DATASET SECTION
--*--
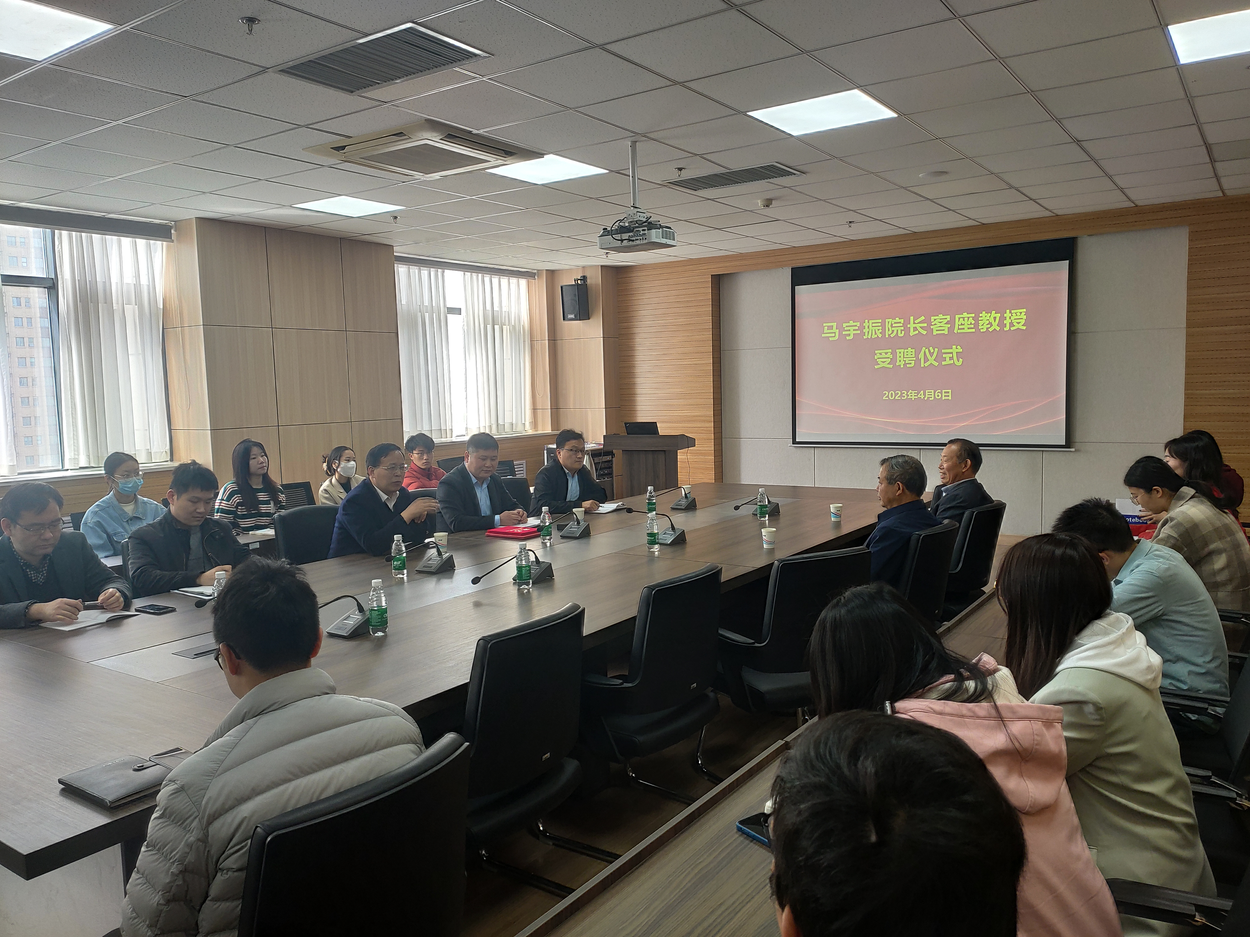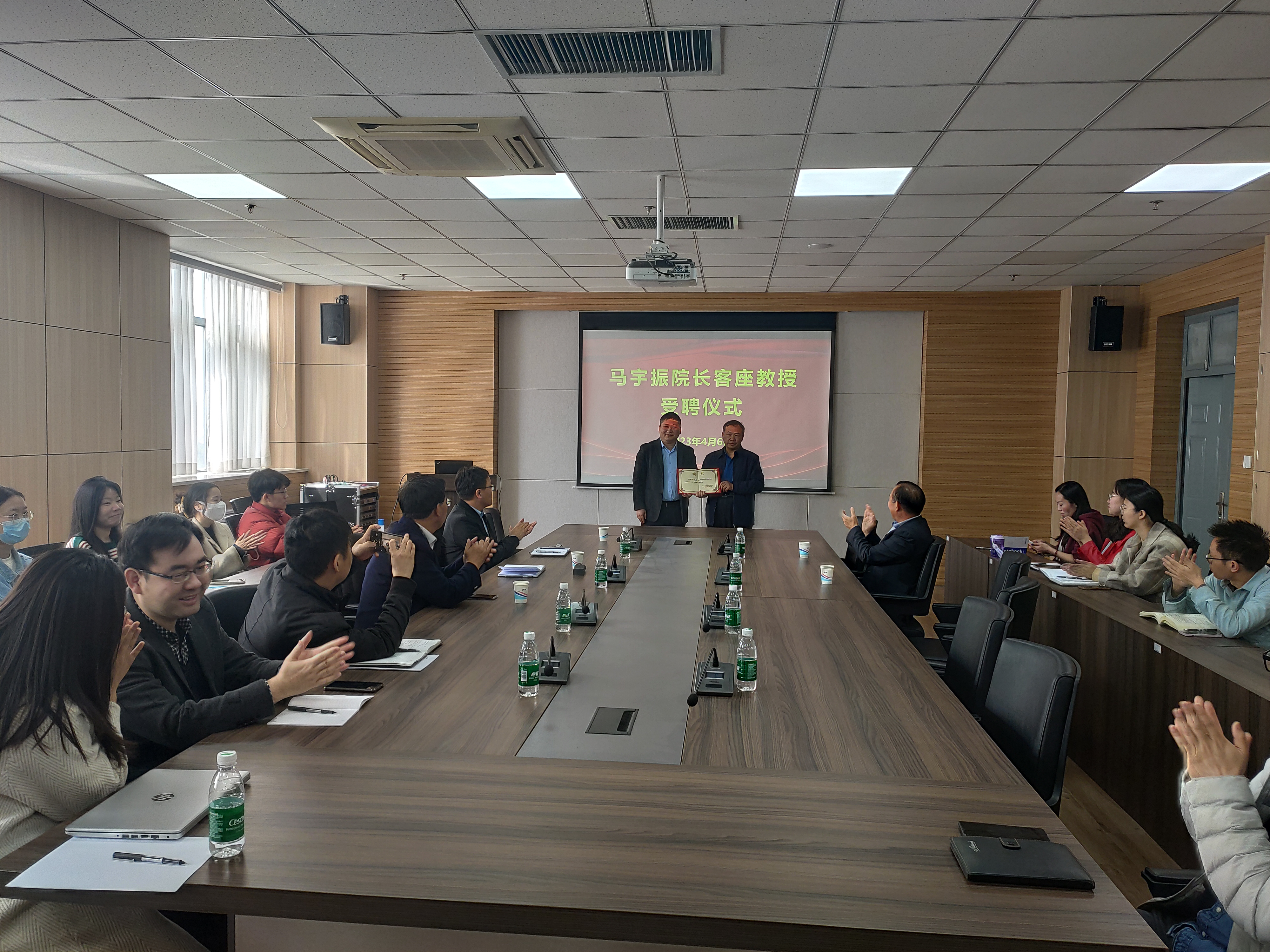 院长胡元森为马宇振院长颁发客座教授和企业导师聘书,学院副书记兼副院长余汉华及部分教师、研究生代表参加。
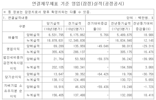 3분기 매출 6조 5,318 억원, 영업이익 693억원 달성
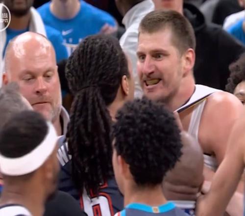 穆雷三分止血后,約基奇打板拋投,霍姆格倫連續吃餅暴扣,約基奇今天可沒罰球,還是亞歷山大“強”。兩隊維持8分左右陷入拉鋸戰,中段約基奇和亞歷山大對飆,約基奇帶隊拉開10分分差。后半段穆雷再中三分,亞歷山大連續單打,三節打完時,雷霆追到77-83。決戰第四節,雷霆這邊下三分雨,多特和杰林多點開花,一波11-2反超掘金。此時發生意外:多特發力直接撞翻約基奇,約基奇在第四翻滾幾圈后,起身暴怒,準備和多特打架。杰林沖上來撕扯約基奇球衣,約基奇又和雷霆球員扭打到一起,場面陷入混亂!
--*--
WORK INSTRUCTIONS
Repeat only the lines from the beginning of the material through the line containing "3분기 매출 6조 5,318 억원, 영업이익 693억원 달성", both ends kept, leaving pictures out.

TASK RESPONSE
 院长胡元森为马宇振院长颁发客座教授和企业导师聘书,学院副书记兼副院长余汉华及部分教师、研究生代表参加。
 3분기 매출 6조 5,318 억원, 영업이익 693억원 달성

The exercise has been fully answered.